| AVS 59th Annual International Symposium and Exhibition | |
| Electronic Materials and Processing | Thursday Sessions |
| Session EM+SS+AS+NS-ThM |
| Session: | Nanoelectronic Interfaces, Materials, and Devices |
| Presenter: | J.C. Walrath, University of Michigan |
| Authors: | J.C. Walrath, University of Michigan Y.H. Lin, University of Michigan K.P. Pipe, University of Michigan R.S. Goldman, University of Michigan |
| Correspondent: | Click to Email |
Thermoelectric (TE) devices allow reliable solid-state conversion of heat to electricity. The efficiency of a TE device is determined by the figure of merit, ZT, which is sensitive to the Seebeck coefficient, S. Traditional S measurements are used to quantify thermally-induced electron transport on a macroscopic scale. A promising alternative method for nanoscale measurements of S is scanning thermoelectric microscopy (SThEM). In SThEM, an unheated scanning tunneling microscopy (STM) tip acts as a high-resolution voltmeter to measure the thermally-induced voltage, V, induced by a temperature gradient in a heated sample.

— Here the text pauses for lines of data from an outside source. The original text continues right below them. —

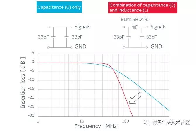 噪声级别小或信号和噪声的频率相差大的情况下,可以只用电容器进行降噪,但如果信号频率和噪声频率相近时,需要电感器和电容器组合来构成插入损耗陡峭的滤波器。
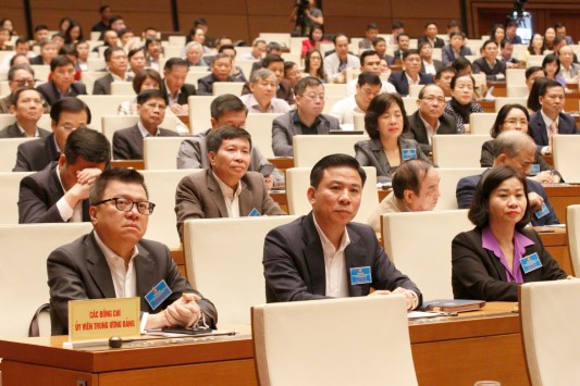 Các đại biểu tham dự hội nghị quán triệt việc tổ chức, thực hiện Nghị quyết 18-NQ/TƯ tại điểm cầu Nhà Quốc hội. Ảnh: Đình Hiệp
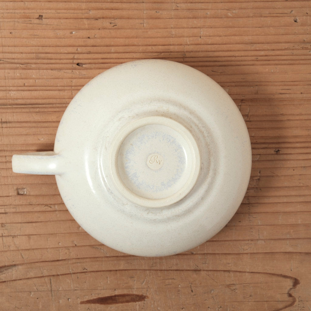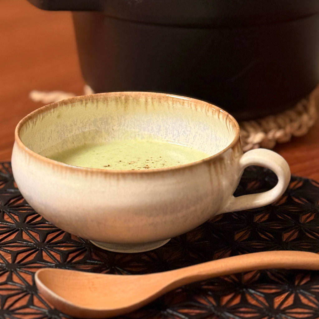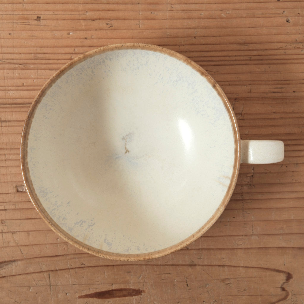 やわらかなアイボリーの釉肌に、ほのかに茶色が溶け込むスープカップ。
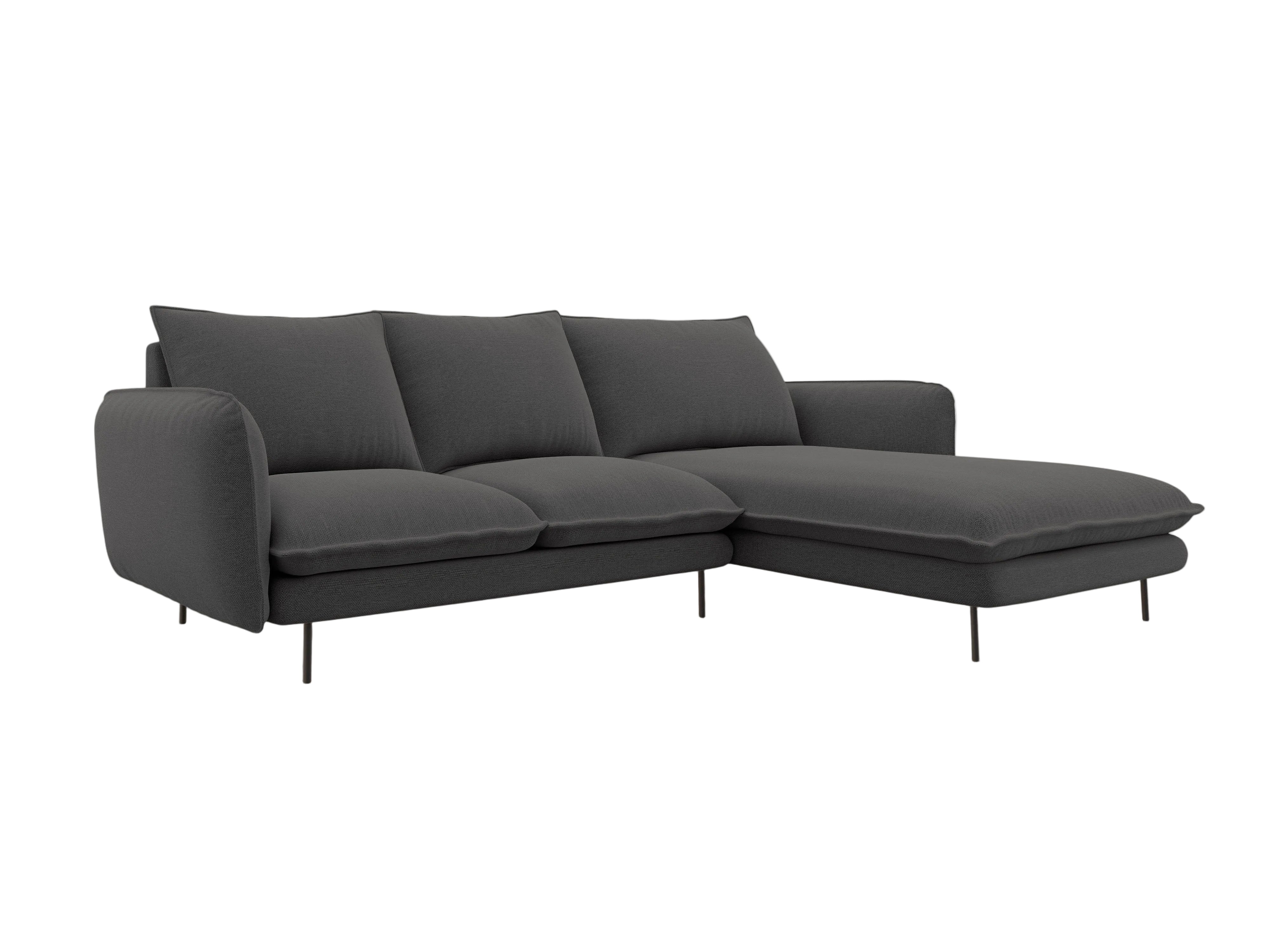 Pravostranný rohový gauč pre 5 osôb VIENNA tmavosivý šenil s čiernym podstavcom
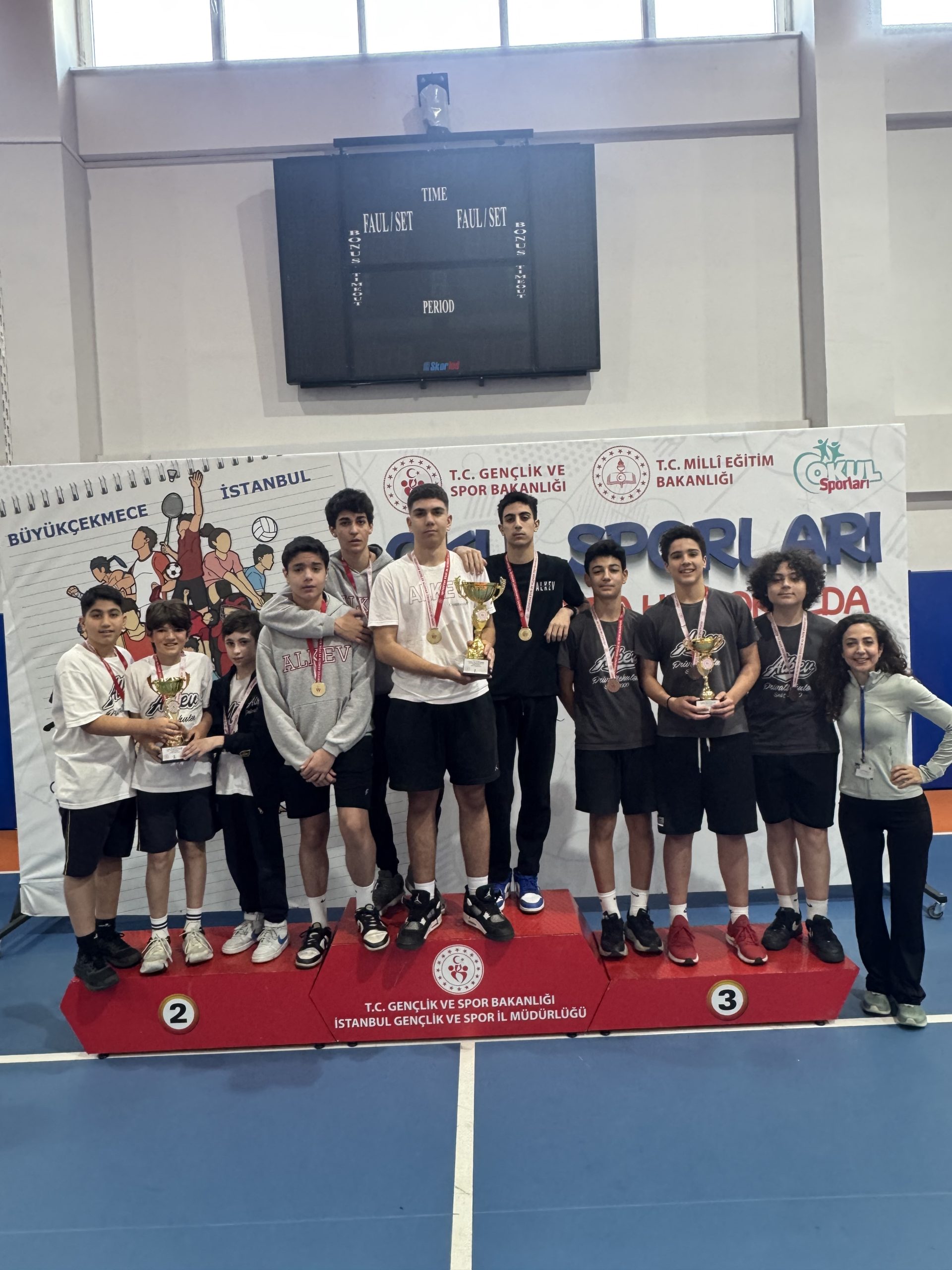 Gurur Duyuyoruz! Ortaokulumuzun Yıldız Erkek Masa Tenisi takımı, Büyükçekmece İlçe Milli Eğitim Müdürlüğü tarafından düzenlenen okul sporları masa tenisi turnuvasında üçüncülük elde ederek bizlere büyük bir sevinç yaşattı! Turnuva boyunca centilmence mücadele eden takımımız, azimleri, disiplinleri ve yüksek motivasyonları ile dikkat çekti. Bu başarı, sadece bir madalya değil; emek, kararlılık ve takım ruhunun bir ödülüdür. Sporcu öğrencilerimizi ve onları destekleyen öğretmenlerimizi yürekten tebrik ediyoruz!
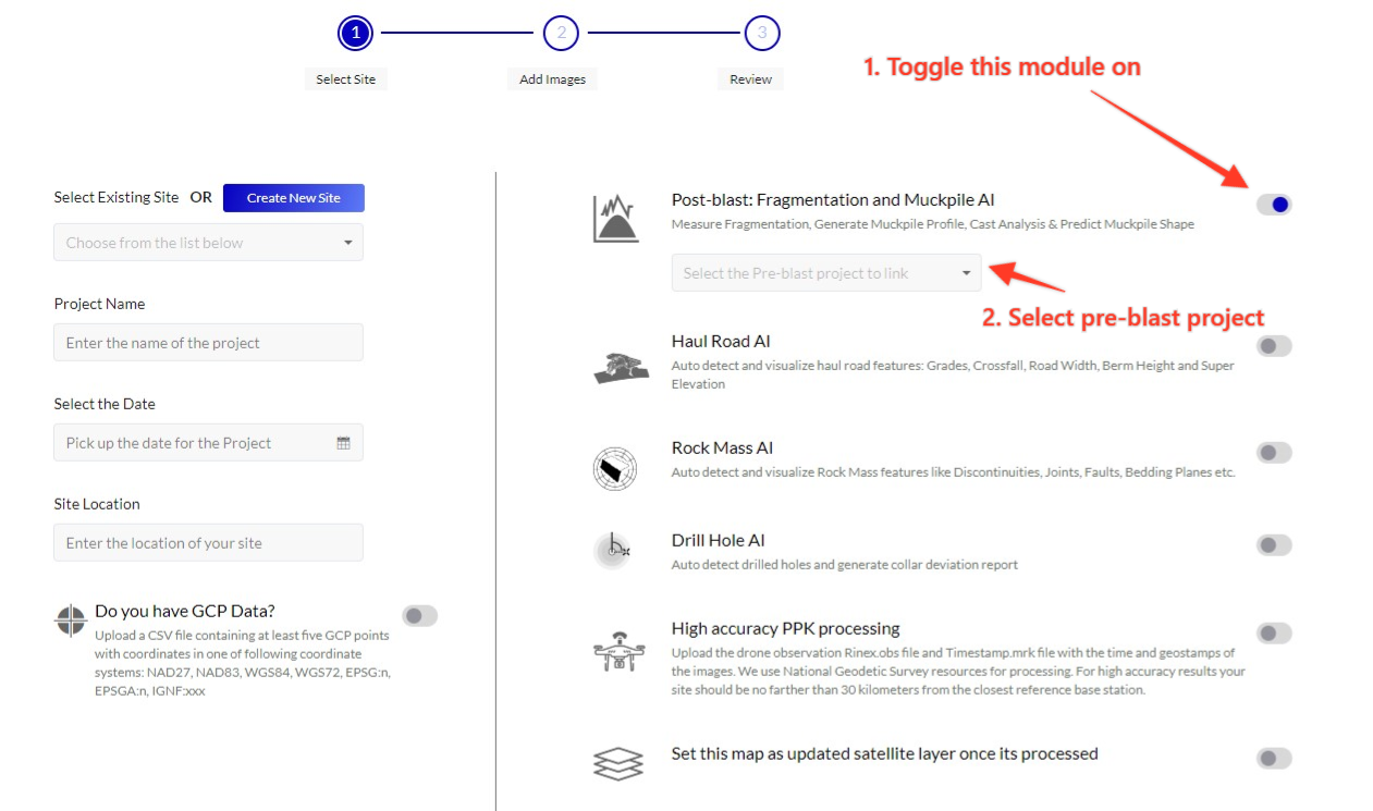 Be sure to link the pre-blast and the post blast by toggling on the "Post Blast" module and selecting the pre-blast project.
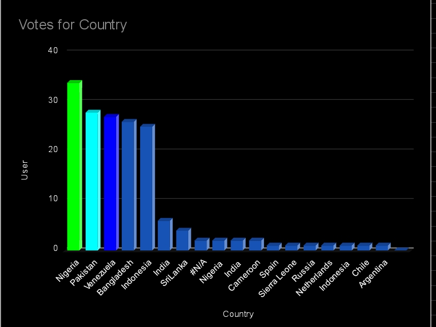 We distributed our votes across 14 different countries, upvoting 165 posts during the week and supporting 148 unique users. Among these users, Nigerians received the most support with 34 upvotes, followed by Pakistan with 28 and Venezuela with 27. We also supported users from Chile, Sierra Leone, Argentina, the Netherlands, and Spain.

SThEM has been utilized to measure V across a GaAs p-n junction [1], with the spatial profile of S determined through a comparison of the measured V with a simulation of a network of resistors and voltage sources, based upon a theoretical S-value [2]. Although this approach is useful for predicting the measured V, it does not provide a method for direct conversion of the measured V to a local S. We have developed a Fourier heat conduction model to calculate a temperature profile matrix, thereby enabling direct conversion between the measured V and the local S. According to our model, SThEM can be optimized by fine-tuning several parameters, including the cone angle of the STM tip and the relative thermal conductivity of the tip and sample. We applied our model to SThEM data across a GaAs p-n junction [1] and improved the agreement between the measured and theoretical S by 40%. Our progress towards SThEM measurements of CoSb3 and InAs quantum dots will also be discussed. This material is based upon work supported by the Department of Energy under Award Number DE-PI0000012. Y.H. Lin and R.S. Goldman are supported in part by DOE under contract No. DE-FG02-06ER46339.
[1] H.K. Lyeo, A.A. Khajetoorians, L. Shi, K.P. Pipe, R.J. Ram, A. Shakouri, and C. K. Shih, Science 303, 816 (2004).
[2] Z. Bian, A. Shakouri, L. Shi, H.K. Lyeo and C.K. Shih, Appl. Phys. Lett. 87, 053115 (2005)